Su Fengyun, Shi Fanhua, Yang Chun, Zhao Fei, Geng Xiaolin, Yang Xiaojing, Zhao Xudong
Department of Pharmacy, The Second Affiliated Hospital of Shandong First Medical University, Tai'an, 271000, Shandong Province, PR China.
Department of Obstetrics, Taian Maternal and Child Health Hospital, Tai'an, 271000, Shandong Province, PR China.
Mol Cell Endocrinol. 2025 Sep 15;607:112589. doi: 10.1016/j.mce.2025.112589. Epub 2025 Jun 4.
NOC2L is downregulated in preeclampsia (PE). However, the underlying functional mechanisms of NOC2L in the pathogenesis of PE remain unclear.
Cell viability, migration, and invasion were determined in hypoxia-stimulated HTR-8/SVneo cells in CCK-8, wound healing, and Transwell assays. The levels of GSH, MDA and Fe were measured using specific commercial kits. Lipid ROS levels were determined through C11-BODIPY staining. The protein levels were analyzed via western blotting. Additionally, a rat model of PE was used to examine the influence of NOC2L on the progression of PE and the associated ferroptosis.

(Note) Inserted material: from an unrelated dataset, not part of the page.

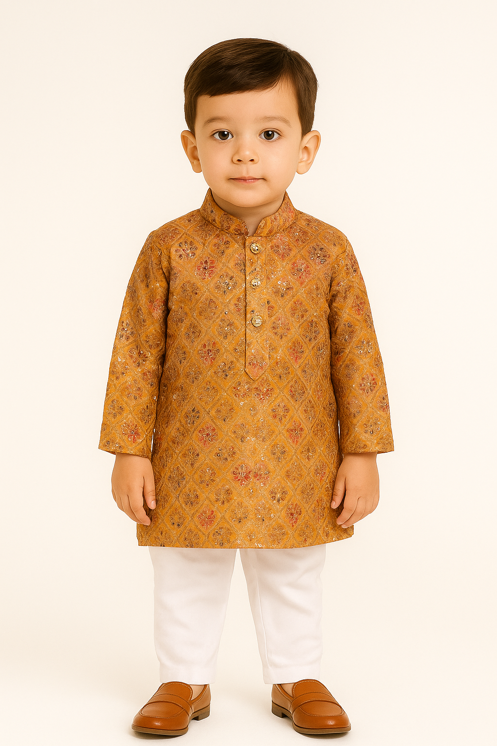A beautifully crafted traditional boys sherwani set designed for festive occasions, weddings, and cultural celebrations. This mustard sherwani features an elegant all-over printed pattern with subtle sequin-style shine that adds a refined festive touch. The neckline is finished with three designer buttons, giving the outfit a stylish and classic look.

NOC2L overexpression increased the viability of hypoxia-treated trophoblast cells and increased the levels of GSH, SLC7A11, and GPX4 while simultaneously reducing Fe, MDA, and lipid ROS levels. Furthermore, both NOC2L overexpression and ferrostatin-1 application facilitated trophoblast migration and invasion. In contrast, NOC2L knockdown exacerbated the hypoxia-induced increase in ferroptosis and inhibited cell migratory and invasive capabilities. Notably, treatment with PFT-α, a p53 inhibitor, abolished the influence of NOC2L silencing on trophoblast cell functions. NOC2L overexpression was associated with improved blood pressure and urinary protein concentration, reduced pathological damage in the placenta, alterations in ferroptosis-related markers, and an increased survival rate in rat fetuses.
NOC2L inhibits trophoblast ferroptosis through the p53/SLC7A11 signaling pathway, potentially preventing the progression of PE.
子痫前期(PE)中NOC2L表达下调。然而,NOC2L在PE发病机制中的潜在功能机制仍不清楚。
通过CCK-8、伤口愈合和Transwell实验检测缺氧刺激的HTR-8/SVneo细胞的细胞活力、迁移和侵袭能力。使用特定的商业试剂盒测量谷胱甘肽(GSH)、丙二醛(MDA)和铁(Fe)的水平。通过C11-硼二吡咯染色测定脂质活性氧(ROS)水平。通过蛋白质印迹分析蛋白质水平。此外,使用PE大鼠模型研究NOC2L对PE进展及相关铁死亡的影响。
NOC2L过表达增加了缺氧处理的滋养层细胞的活力,并提高了GSH、溶质载体家族7成员11(SLC7A11)和谷胱甘肽过氧化物酶4(GPX4)的水平,同时降低了Fe、MDA和脂质ROS水平。此外,NOC2L过表达和铁死亡抑制剂1(ferrostatin-1)的应用均促进了滋养层细胞的迁移和侵袭。相反,NOC2L敲低加剧了缺氧诱导的铁死亡增加,并抑制了细胞的迁移和侵袭能力。值得注意的是,p53抑制剂PFT-α处理消除了NOC2L沉默对滋养层细胞功能的影响。NOC2L过表达与血压和尿蛋白浓度改善、胎盘病理损伤减轻、铁死亡相关标志物改变以及大鼠胎儿存活率增加有关。
NOC2L通过p53/SLC7A11信号通路抑制滋养层细胞铁死亡,可能预防PE的进展。